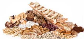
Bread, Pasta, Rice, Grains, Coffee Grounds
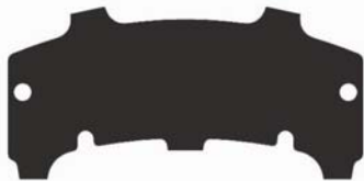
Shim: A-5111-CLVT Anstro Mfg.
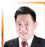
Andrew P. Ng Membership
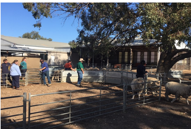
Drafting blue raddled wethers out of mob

==

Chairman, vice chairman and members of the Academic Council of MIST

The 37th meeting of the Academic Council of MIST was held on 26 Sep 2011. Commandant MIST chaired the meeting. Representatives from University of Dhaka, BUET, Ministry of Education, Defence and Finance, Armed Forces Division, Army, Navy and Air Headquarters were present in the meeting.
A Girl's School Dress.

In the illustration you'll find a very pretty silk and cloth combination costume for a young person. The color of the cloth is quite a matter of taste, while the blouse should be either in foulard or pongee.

---

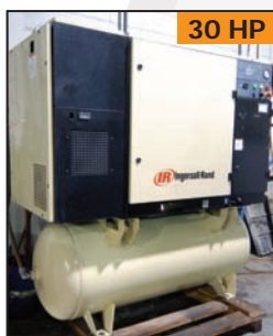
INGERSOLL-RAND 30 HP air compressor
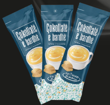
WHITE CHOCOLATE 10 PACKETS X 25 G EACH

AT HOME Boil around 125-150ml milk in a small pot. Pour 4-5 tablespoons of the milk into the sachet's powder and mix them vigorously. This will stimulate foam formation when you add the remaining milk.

> **WHAT NEEDS TO BE DONE**:
In the material above, which lines fall between the one holding "INGERSOLL-RAND 30 HP air compressor" and the one holding "AT HOME Boil", inclusive? Print exactly those, with the pictures left out.

> **TASK SOLUTION**:
INGERSOLL-RAND 30 HP air compressor
WHITE CHOCOLATE 10 PACKETS X 25 G EACH

AT HOME Boil around 125-150ml milk in a small pot. Pour 4-5 tablespoons of the milk into the sachet's powder and mix them vigorously. This will stimulate foam formation when you add the remaining milk.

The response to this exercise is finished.